More than 50% used some form of passive health claim, while 18% used active health claims, according to research conducted during the 12 months to the end of June.
The most popular health-related claims focused on naturalness and freedom from artificial additives and preservatives. They included a wide range of products, led by water.
Also, juices tend to be seen as inherently natural, or can be relatively easily formulated to use this type of claim, said Innova.
More than 23% of launches were marketed as free from additives and preservatives, while nearly 13% used natural claims.
Combining the two categories resulted in more than 30% of total soft drinks launches using either one or both claims.
Organic claims were used for more than 5% of launches during the review period.
Fruit juices and drinks dominated launch activity accounting for over 43% of the total launches.
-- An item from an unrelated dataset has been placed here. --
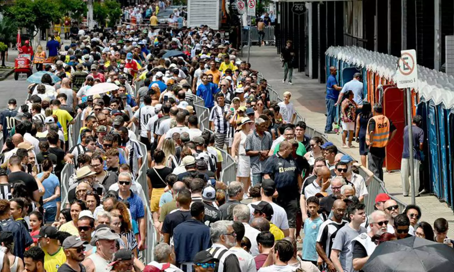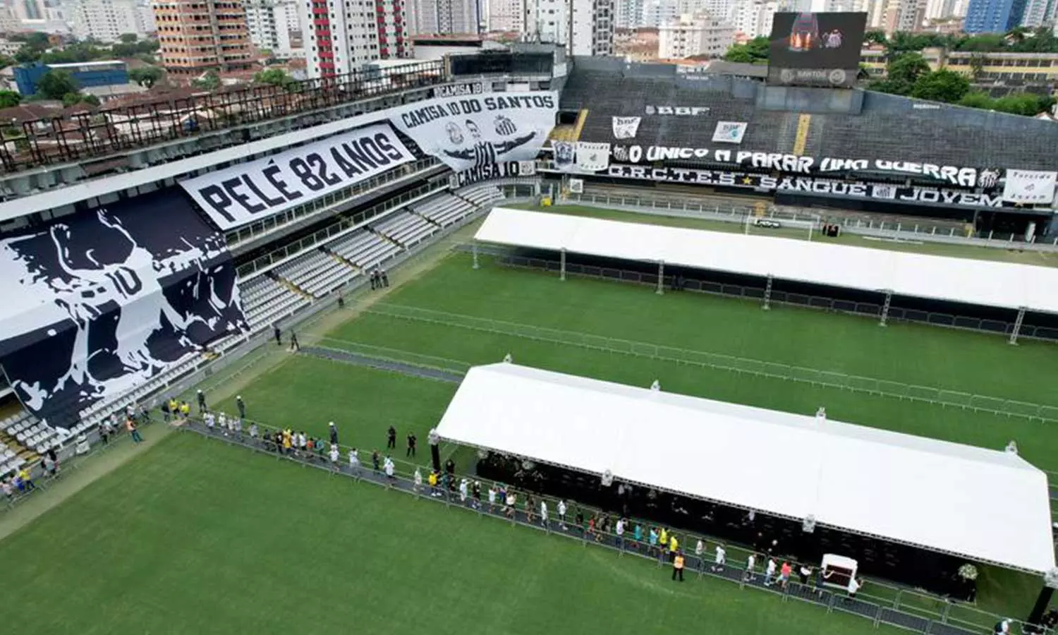 |പെലെ കളിച്ചുവളർന്ന, ഇതിഹാസജീവിതത്തിലേക്ക് പന്തുതട്ടിയ മൈതാനമുറ്റത്ത്, സാന്റോസ് ക്ലബിന്റെ സ്വന്തം തട്ടകമായ ബെൽമിറോയിൽ പൊതുദർശനം പുരോഗമിക്കുകയാണ്

Their popularity reflected “the extremely diverse range of products included in the category”, said Innova.
Carbonates took second place with 14%, just ahead of concentrates and mixes.
Next followed: iced tea and coffee drinks, sports and energy drinks, plain and flavored water and sports and energy drinks.
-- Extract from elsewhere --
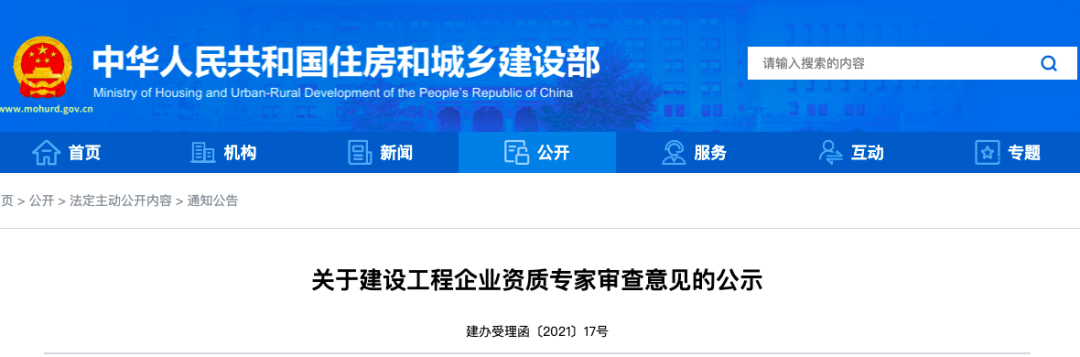 按照《行政许可法》及有关建设工程企业资质管理规定,我部对近期申请建设工程企业资质的申报材料组织了专家审查,现将专家审查意见在住房城乡建设部门户网站(http://www.mohurd.gov.cn)予以公示,以广泛接受社会监督。企业申报材料中的人员、代表工程业绩等详细情况,可通过点击“住房城乡建设部网站主页→建设工程企业资质行政审批专栏→资质申报基本信息公示”进行查询。

During the past five years, the shares of carbonates, juices and juice drinks, concentrates and mixes and iced tea and coffee have risen, concluded the researchers.
But the shares of bottled water (flavoured and unflavoured) and sports and energy drinks have fallen.
Lu Ann Williams, director of innovation at Innova Market Insights, said this does not indicate a poor market performance.
Sports and energy drinks
“Sports and energy drinks remain one of the fastest-growing sectors of the market over that period, despite their share of global soft drinks launch activity falling from a peak of 13% in 2005 to just under 7% today,” said Williams.
“Consolidation in the increasingly mature market, particularly the greater dominance of multinational brands and the disappearance of many smaller brands is probably the main reason for slowing activity rates, although actual launch numbers did still rise over the five-year period," she said.
Last weekend, Tesco and Asda admitted selling tap water in own-label branded bottles. While both retailers acknowledged the water came from a mains supply, it was subject to additional filtration processes, they claimed.
Own brand bottled still water sells for about 17p for two litres, alongside global mineral water brands such as Perrier and Evian.
Meanwhile, manufacturers of all products, which have traditionally made health claims, will need to find clever ways of differentiating them from others on supermarket shelves from December when the number of health claims that can legally be made will be dramatically cut.